Required action
The records that follow are to be given again exactly, with their pictures omitted.

Material shown
◆ ◆ ◆ ◆

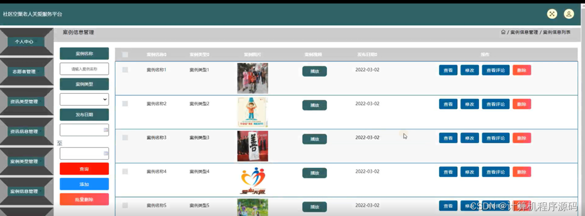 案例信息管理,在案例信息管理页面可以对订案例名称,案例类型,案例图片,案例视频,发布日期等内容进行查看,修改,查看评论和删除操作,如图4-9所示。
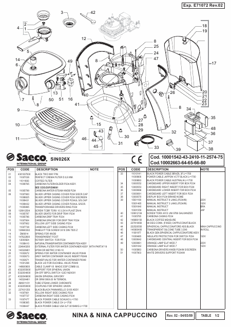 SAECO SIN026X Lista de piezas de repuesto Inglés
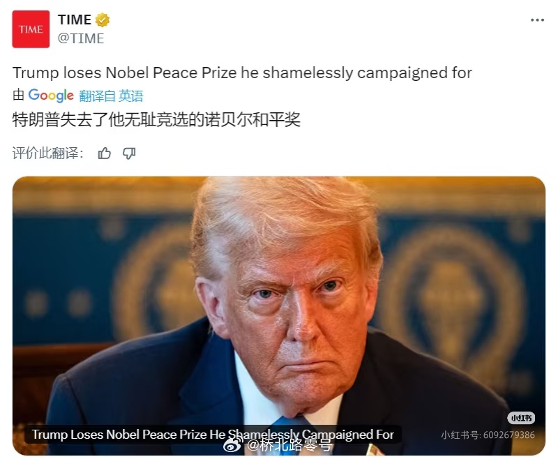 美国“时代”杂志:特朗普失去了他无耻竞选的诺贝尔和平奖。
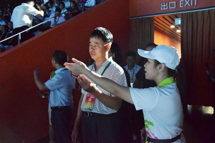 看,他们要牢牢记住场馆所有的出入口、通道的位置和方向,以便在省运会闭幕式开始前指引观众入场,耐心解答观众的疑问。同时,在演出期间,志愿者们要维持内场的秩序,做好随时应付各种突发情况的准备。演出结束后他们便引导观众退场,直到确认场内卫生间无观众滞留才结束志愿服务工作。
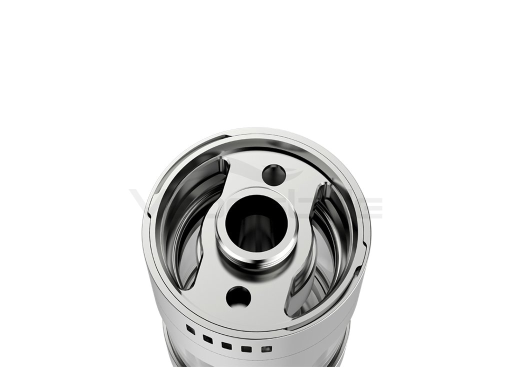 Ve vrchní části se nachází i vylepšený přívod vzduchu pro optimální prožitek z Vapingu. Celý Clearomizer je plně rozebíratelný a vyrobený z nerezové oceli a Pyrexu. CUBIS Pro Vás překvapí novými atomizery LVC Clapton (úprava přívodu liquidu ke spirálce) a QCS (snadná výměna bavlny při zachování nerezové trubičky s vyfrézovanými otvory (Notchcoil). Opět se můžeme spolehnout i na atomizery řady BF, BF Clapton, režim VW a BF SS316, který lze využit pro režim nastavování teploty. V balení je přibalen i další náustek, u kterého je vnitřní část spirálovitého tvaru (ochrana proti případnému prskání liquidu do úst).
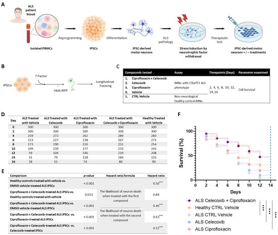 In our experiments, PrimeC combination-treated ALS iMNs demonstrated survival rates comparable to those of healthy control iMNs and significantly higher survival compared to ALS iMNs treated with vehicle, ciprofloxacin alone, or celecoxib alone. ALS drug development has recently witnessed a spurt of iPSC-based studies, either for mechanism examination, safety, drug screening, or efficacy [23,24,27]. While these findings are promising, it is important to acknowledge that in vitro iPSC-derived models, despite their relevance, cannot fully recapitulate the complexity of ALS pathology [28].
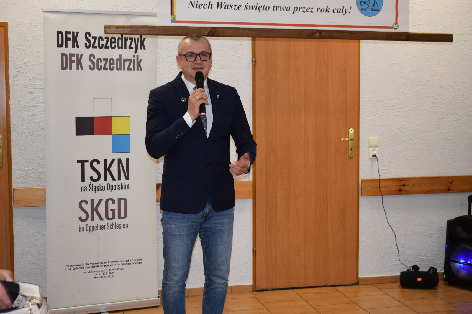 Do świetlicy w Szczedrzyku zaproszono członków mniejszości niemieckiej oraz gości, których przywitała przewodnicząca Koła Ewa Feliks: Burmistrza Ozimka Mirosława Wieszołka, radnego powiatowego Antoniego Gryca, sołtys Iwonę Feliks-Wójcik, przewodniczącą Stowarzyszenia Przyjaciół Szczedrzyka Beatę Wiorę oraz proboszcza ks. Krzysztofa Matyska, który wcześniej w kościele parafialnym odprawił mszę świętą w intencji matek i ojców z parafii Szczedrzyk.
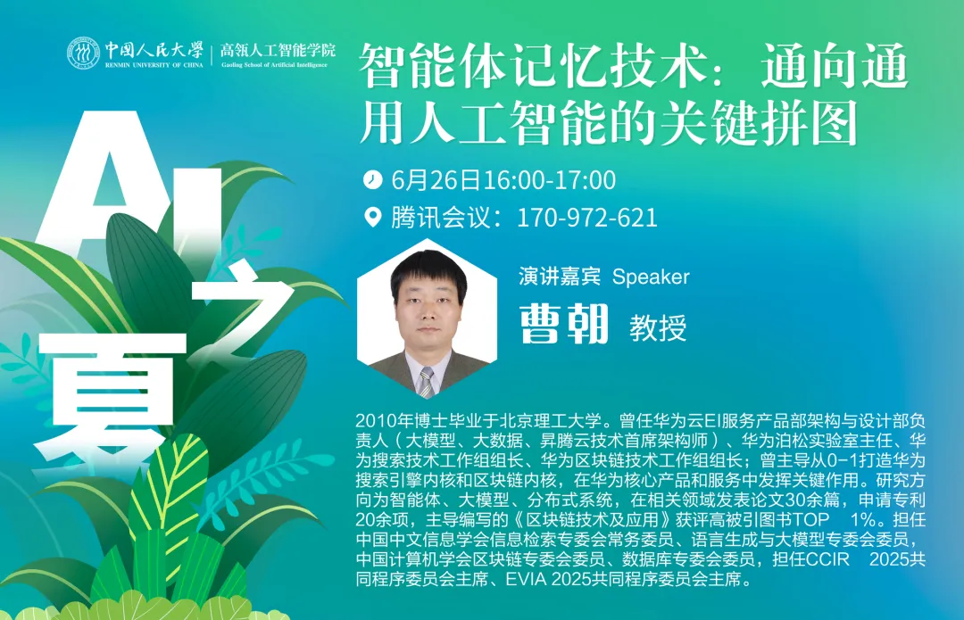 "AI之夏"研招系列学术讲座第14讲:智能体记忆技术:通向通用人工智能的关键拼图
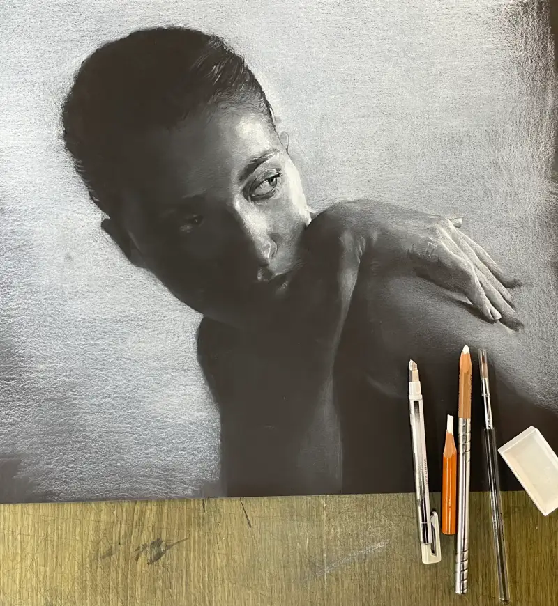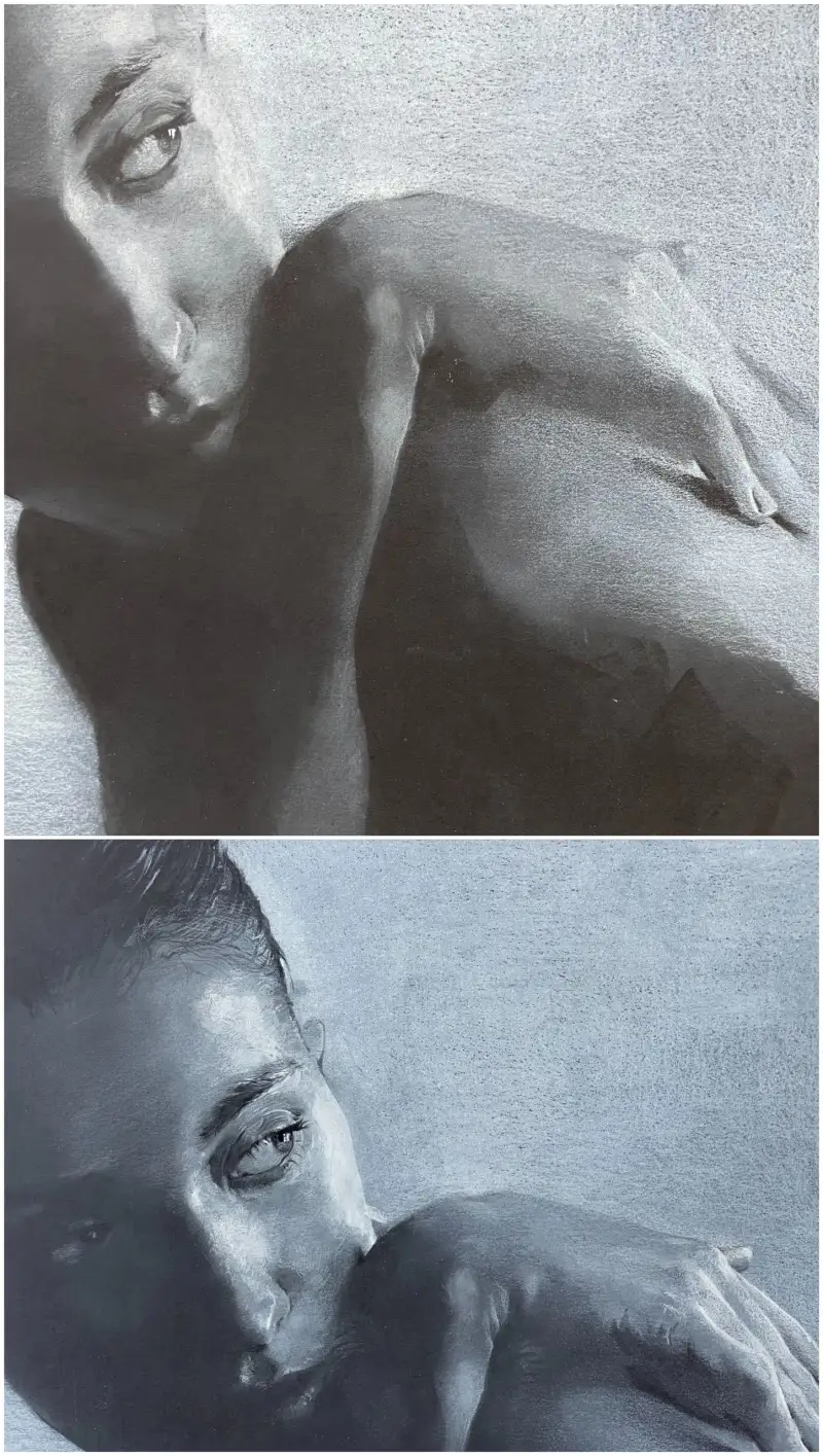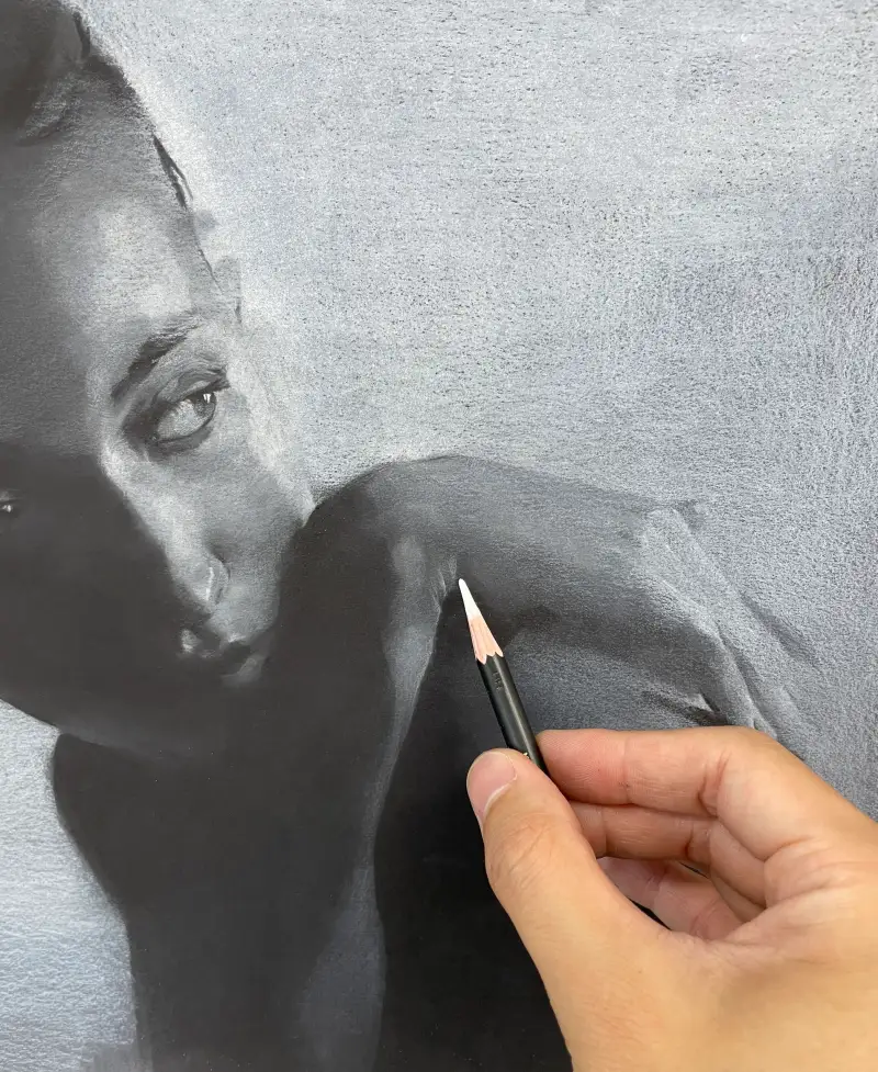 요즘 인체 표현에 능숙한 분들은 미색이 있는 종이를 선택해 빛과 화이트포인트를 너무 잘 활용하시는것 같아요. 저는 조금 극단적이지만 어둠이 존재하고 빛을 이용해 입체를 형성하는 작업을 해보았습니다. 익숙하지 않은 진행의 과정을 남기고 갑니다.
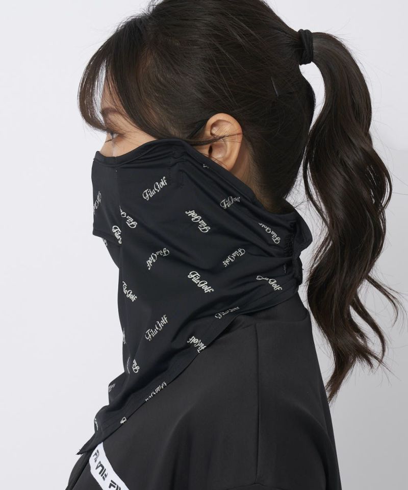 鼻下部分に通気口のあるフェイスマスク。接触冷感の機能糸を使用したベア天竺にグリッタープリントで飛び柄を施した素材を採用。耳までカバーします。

◆ ◆ ◆ ◆

Exercise response
 案例信息管理,在案例信息管理页面可以对订案例名称,案例类型,案例图片,案例视频,发布日期等内容进行查看,修改,查看评论和删除操作,如图4-9所示。
 SAECO SIN026X Lista de piezas de repuesto Inglés
 美国“时代”杂志:特朗普失去了他无耻竞选的诺贝尔和平奖。
 看,他们要牢牢记住场馆所有的出入口、通道的位置和方向,以便在省运会闭幕式开始前指引观众入场,耐心解答观众的疑问。同时,在演出期间,志愿者们要维持内场的秩序,做好随时应付各种突发情况的准备。演出结束后他们便引导观众退场,直到确认场内卫生间无观众滞留才结束志愿服务工作。
 Ve vrchní části se nachází i vylepšený přívod vzduchu pro optimální prožitek z Vapingu. Celý Clearomizer je plně rozebíratelný a vyrobený z nerezové oceli a Pyrexu. CUBIS Pro Vás překvapí novými atomizery LVC Clapton (úprava přívodu liquidu ke spirálce) a QCS (snadná výměna bavlny při zachování nerezové trubičky s vyfrézovanými otvory (Notchcoil). Opět se můžeme spolehnout i na atomizery řady BF, BF Clapton, režim VW a BF SS316, který lze využit pro režim nastavování teploty. V balení je přibalen i další náustek, u kterého je vnitřní část spirálovitého tvaru (ochrana proti případnému prskání liquidu do úst).
 In our experiments, PrimeC combination-treated ALS iMNs demonstrated survival rates comparable to those of healthy control iMNs and significantly higher survival compared to ALS iMNs treated with vehicle, ciprofloxacin alone, or celecoxib alone. ALS drug development has recently witnessed a spurt of iPSC-based studies, either for mechanism examination, safety, drug screening, or efficacy [23,24,27]. While these findings are promising, it is important to acknowledge that in vitro iPSC-derived models, despite their relevance, cannot fully recapitulate the complexity of ALS pathology [28].
 Do świetlicy w Szczedrzyku zaproszono członków mniejszości niemieckiej oraz gości, których przywitała przewodnicząca Koła Ewa Feliks: Burmistrza Ozimka Mirosława Wieszołka, radnego powiatowego Antoniego Gryca, sołtys Iwonę Feliks-Wójcik, przewodniczącą Stowarzyszenia Przyjaciół Szczedrzyka Beatę Wiorę oraz proboszcza ks. Krzysztofa Matyska, który wcześniej w kościele parafialnym odprawił mszę świętą w intencji matek i ojców z parafii Szczedrzyk.
 "AI之夏"研招系列学术讲座第14讲:智能体记忆技术:通向通用人工智能的关键拼图
 요즘 인체 표현에 능숙한 분들은 미색이 있는 종이를 선택해 빛과 화이트포인트를 너무 잘 활용하시는것 같아요. 저는 조금 극단적이지만 어둠이 존재하고 빛을 이용해 입체를 형성하는 작업을 해보았습니다. 익숙하지 않은 진행의 과정을 남기고 갑니다.
 鼻下部分に通気口のあるフェイスマスク。接触冷感の機能糸を使用したベア天竺にグリッタープリントで飛び柄を施した素材を採用。耳までカバーします。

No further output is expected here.